La mairesse sortante, Louisette Langlois, trouve regrettable que les ministères n'aient pas mobilisé plus d'efforts pour préserver ce vestige du patrimoine bâti : ça prenait un décret ministériel pour le sauver.

« C'est la dernière pièce du patrimoine bâti de l'histoire industrielle de Chandler.  »

— Une citation de  Louisette Langlois, mairesse de Chandler.

Au début du mois d'octobre, le conseil municipal de Chandler a voté contre une résolution qui prévoyait une aide de 50 000 $.

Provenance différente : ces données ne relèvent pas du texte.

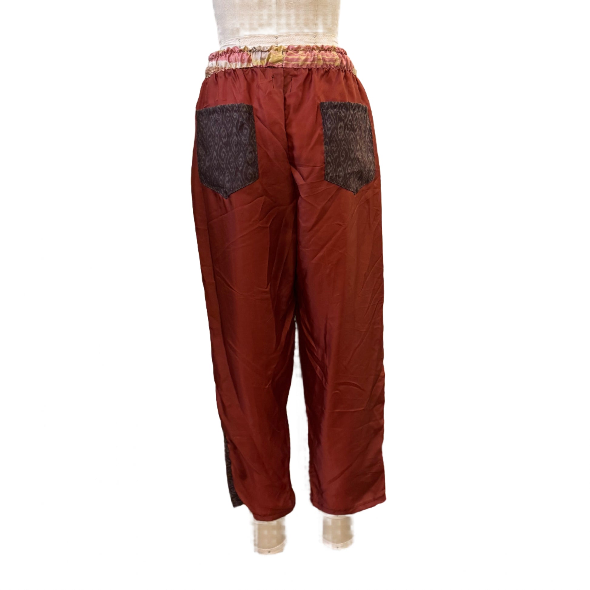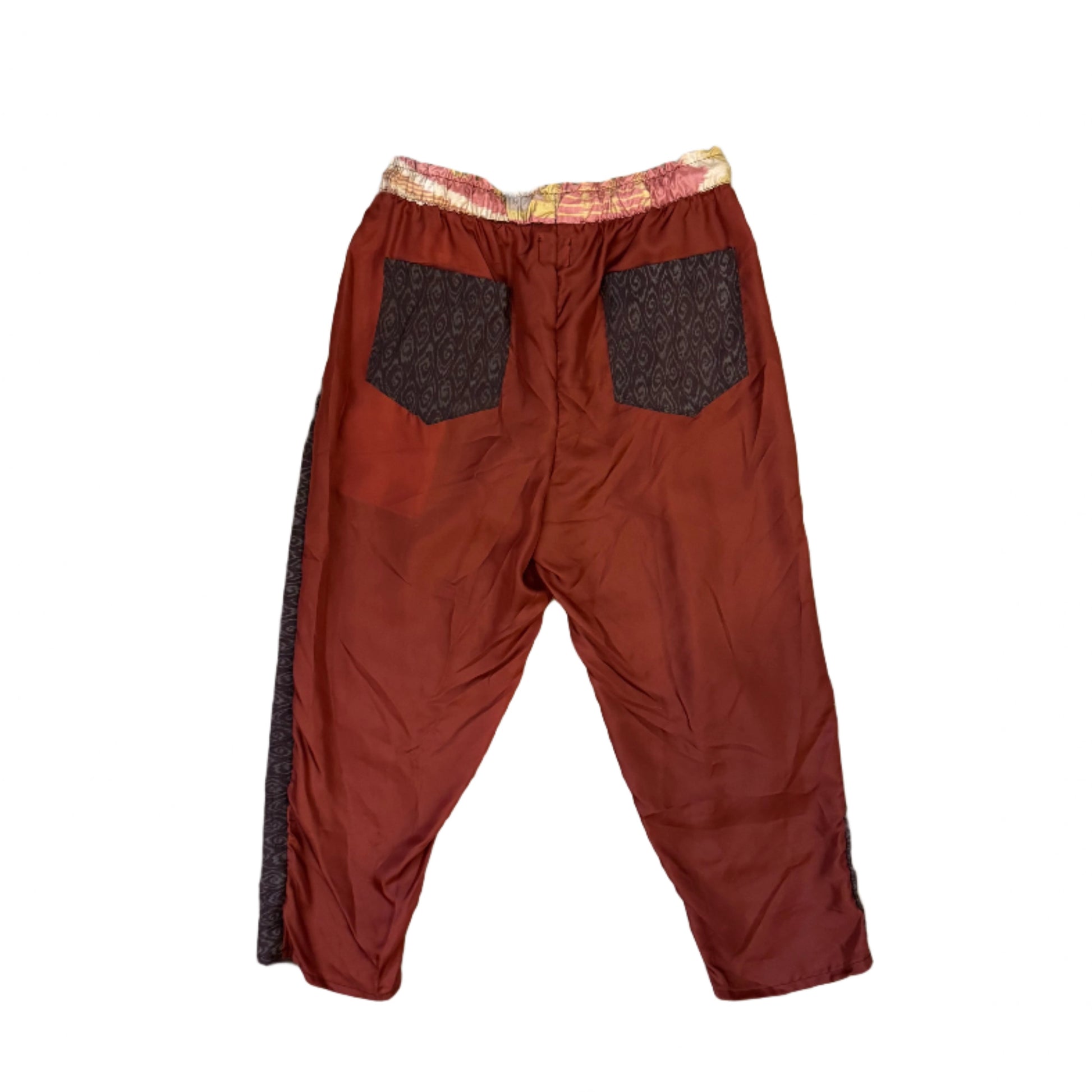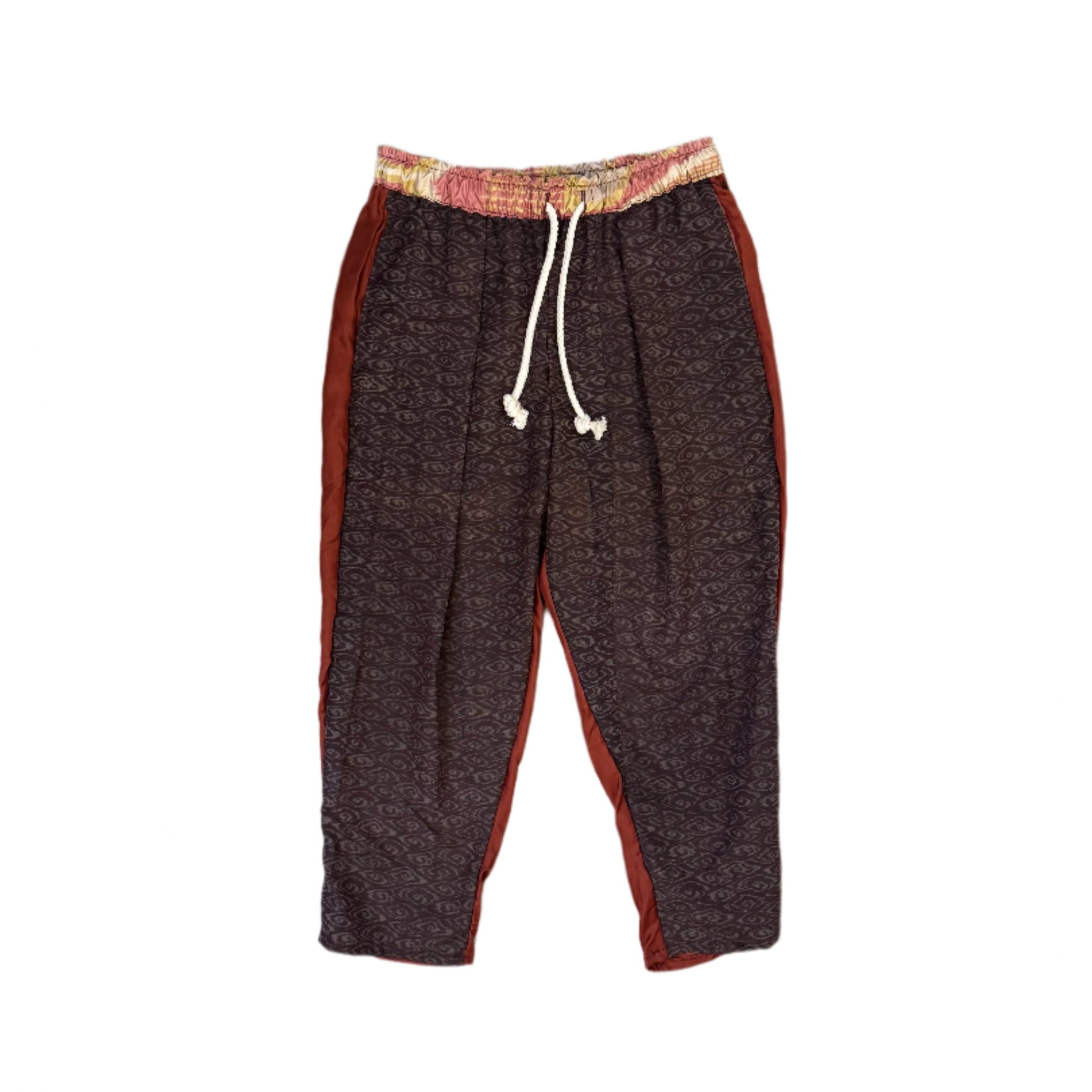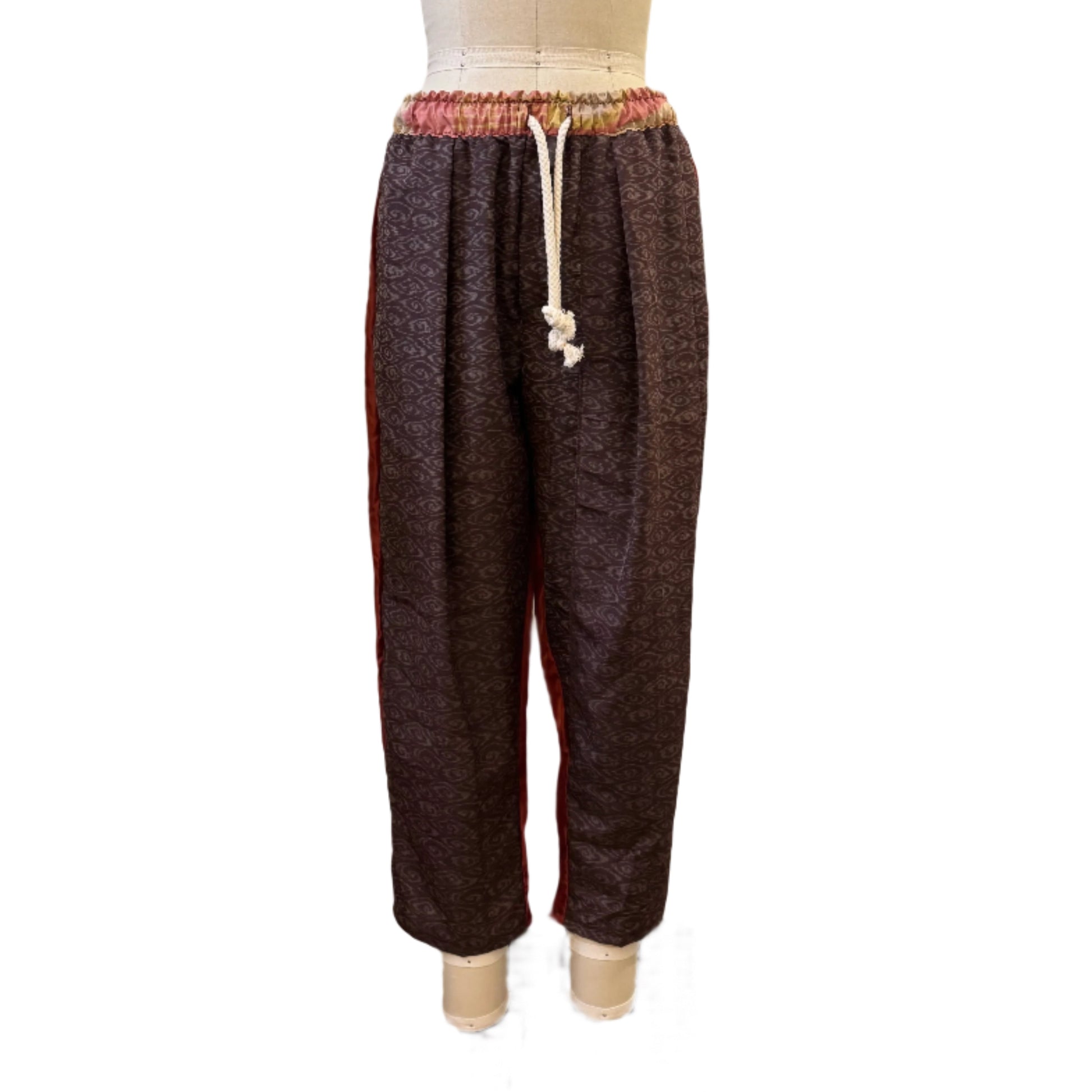 Oversized upcycled drawstring pants featuring a relaxed fit and unique pleated front design. Crafted from repurposed materials, these pants showcase a striking combination of patterns and contrasting panels, blending comfort with a bold aesthetic. The adjustable drawstring waistband ensures a customizable fit, while the two back patch pockets add practicality and flair. Perfect for casual outings or lounging, these sustainable pants are both stylish and versatile.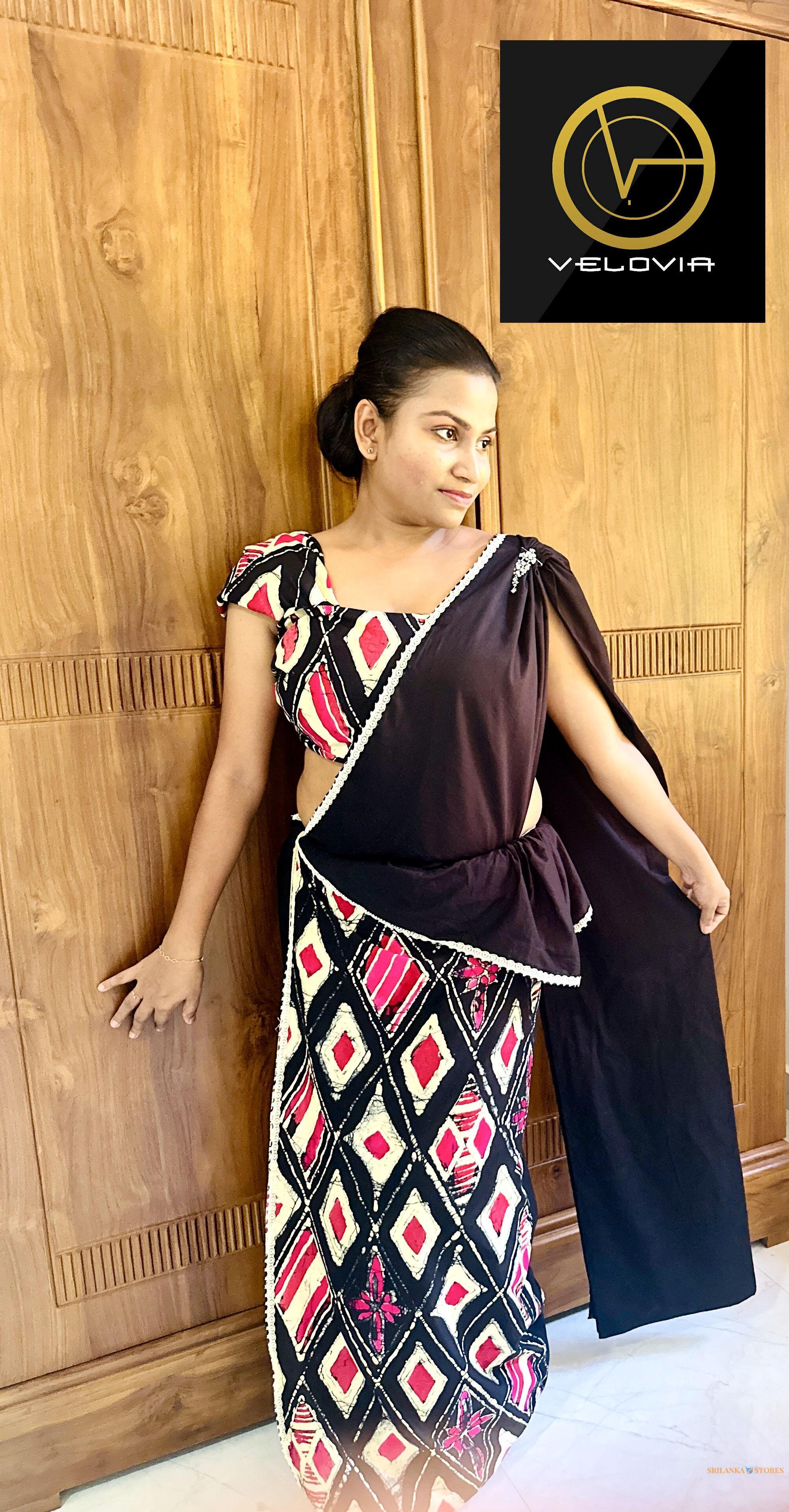 Step into elegance with this stunning three-colour batik saree in black, red, and yellow. Crafted from premium super voile fabric, it offers a graceful, comfortable fit and includes a matching jacket piece.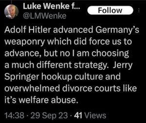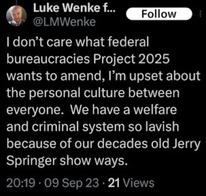 “There is much more to Luke Wenke than using his eyeballs to look at government officials and form politically oriented opinions on them. Somebody needs to know that especially after seeing no significant other on his Wikipedia April 2023 when I got home; don’t say I didn’t warn you about Katie [last name]’s financially devastating man seduction tactics.”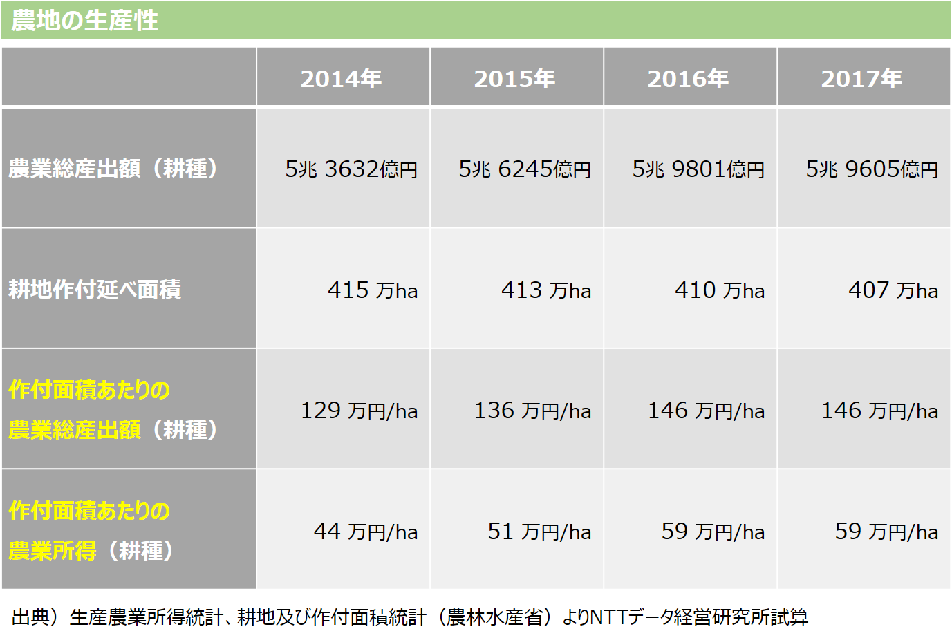 農業の生産性を考える場合、農地当たりの生産性、労働時間あたりの生産性、投資額当たりの生産性など、様々な指標が考えられますが、今回は農地に注目した生産性を見てみたいと思います。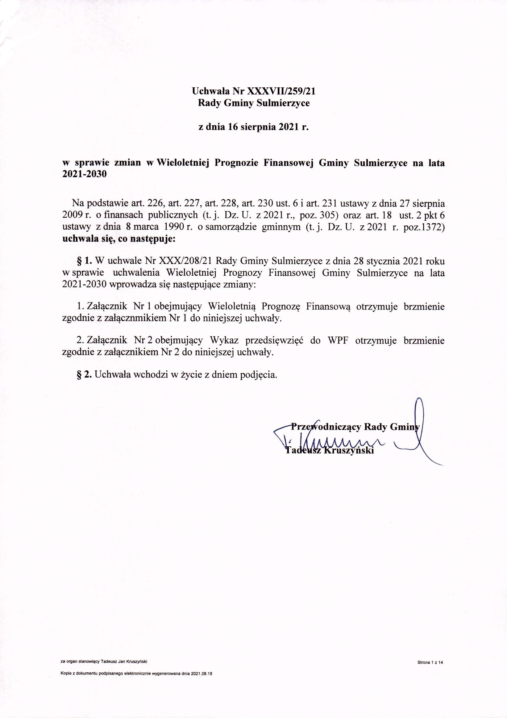 2021-08-16 przez Tadeusz Kruszyński - Przewodniczący Rady Gminy Sulmierzyce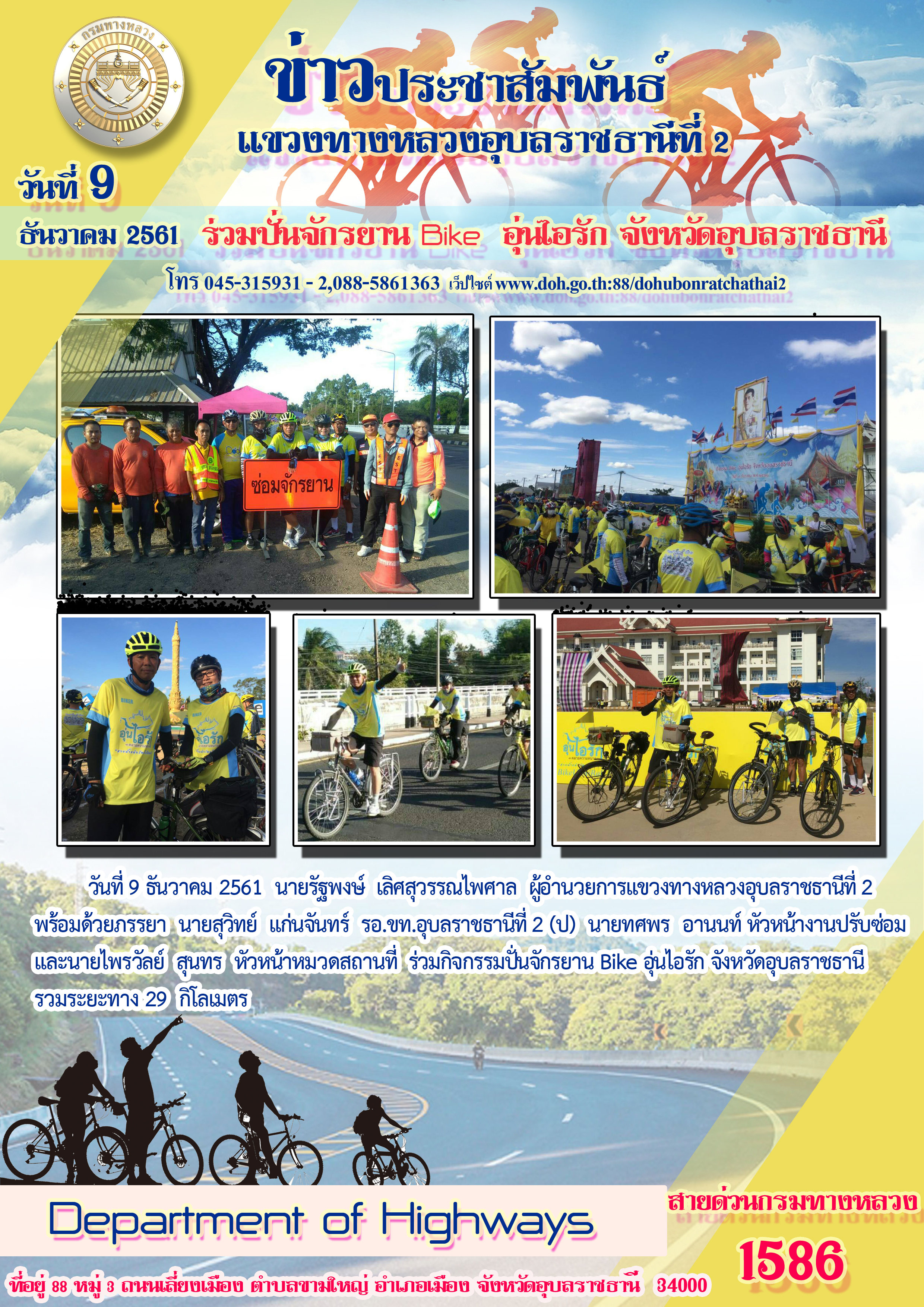 วันที่ 9 ธันวาคม 2561 นายรัฐพงษ์ เลิศสุวรรณไพศาล ผู้อำนวยการแขวงทางหลวงอุบลราชธานีที่ 2 พร้อมด้วยภรรยา นายสุวิทย์ แก่นจันทร์ รอ.ขท.อุบลราชธานีที่ 2 (ป) นายทศพร อานนท์ หัวหน้างานปรับซ่อม และนายไพรวัลย์ สุนทร หัวหน้าหมวดสถานที่ ร่วมกิจกรรมปั่นจักรยาน Bike อุ่นไอรัก จังหวัดอุบลราชธานี รวมระยะทาง 29 กิโลเมตร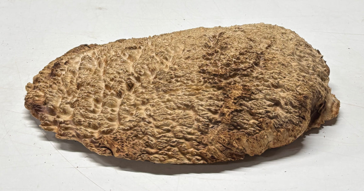 Brown Mallee Burl Blank features dramatic swirling grain, rich chocolate-brown tones, and natural burl eyes that make every piece truly one of a kind. Dense and durable, this exotic hardwood blank is ideal for woodturning, knife handles, pen blanks, resin hybrid projects, and custom woodworking creations. Carefully cut dried for stability, it machines smoothly and finishes beautifully, delivering a stunning high-gloss polish that highlights its unique figure. Perfect for artisans seeking premium burl wood with exceptional character and visual depth.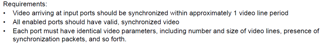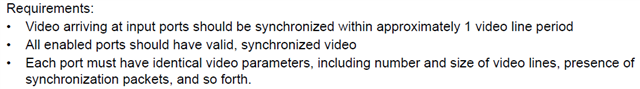 The video arriving at input ports should be synchronized within approx. 1 video line period.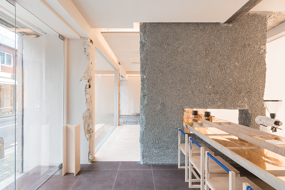 The first floor, where there were three different shops, is divided into a space for information and packaging, a space for tea brewing, and a space for coffee brewing. The three spaces designed using the existing space configuration have different finishing materials and space configurations and continue the context of the telephoto building consisting of small stores. The long table in the center, which was reinterpreted by Eert's Garethans, serves to connect three different spaces. The wall lighting behind the table allows customers to focus on the act of making coffee and tea, enabling new experiences. This light illuminates the traces of existing space and new elements, while illuminating the streets and attracting people's attention.

Le château Dubuc ne tient presque plus sur sa structure.

À Chandler, le Château Dubuc, dernier témoin du passé industriel de la ville, sera bientôt emporté par la marée.

Photo : Radio-Canada / Bruno Lelièvre

Louisette Langlois avait soumis l'idée de devancer le projet d'empierrement qui est envisagé pour protéger le rail, le long de la rive. La solution serait de protéger en amont les maisons, dit-elle maintenant, pour faire en sorte que le rail ne soit pas obligé d'être protégé. Mais on dirait qu'on arrive trop tard.

Un vestige de l'ère industrielle de Chandler

Michel Saint-Pierre lit avec amertume quelques lignes du rapport sur la valeur de sa propriété, datée de 2016. Le document, rédigé par une firme de consultants en patrimoine culturel, dénote de la valeur historique et architecturale de la bâtisse. C'est un des bâtiments qui représentent le plus le style Prairie, un style d'architecture qui est rare au Canada.

Le château Dubuc tient son nom de l'industriel Dubuc, patron de la compagnie Gaspesia, usine de pâtes et papier. Il a abrité les grands patrons de l'industrie et a vu grandir la ville industrielle de Chandler.

Pour sauver durablement le château, il faudrait débourser 1,2 M$ pour déplacer le bâtiment d'une soixantaine de mètres.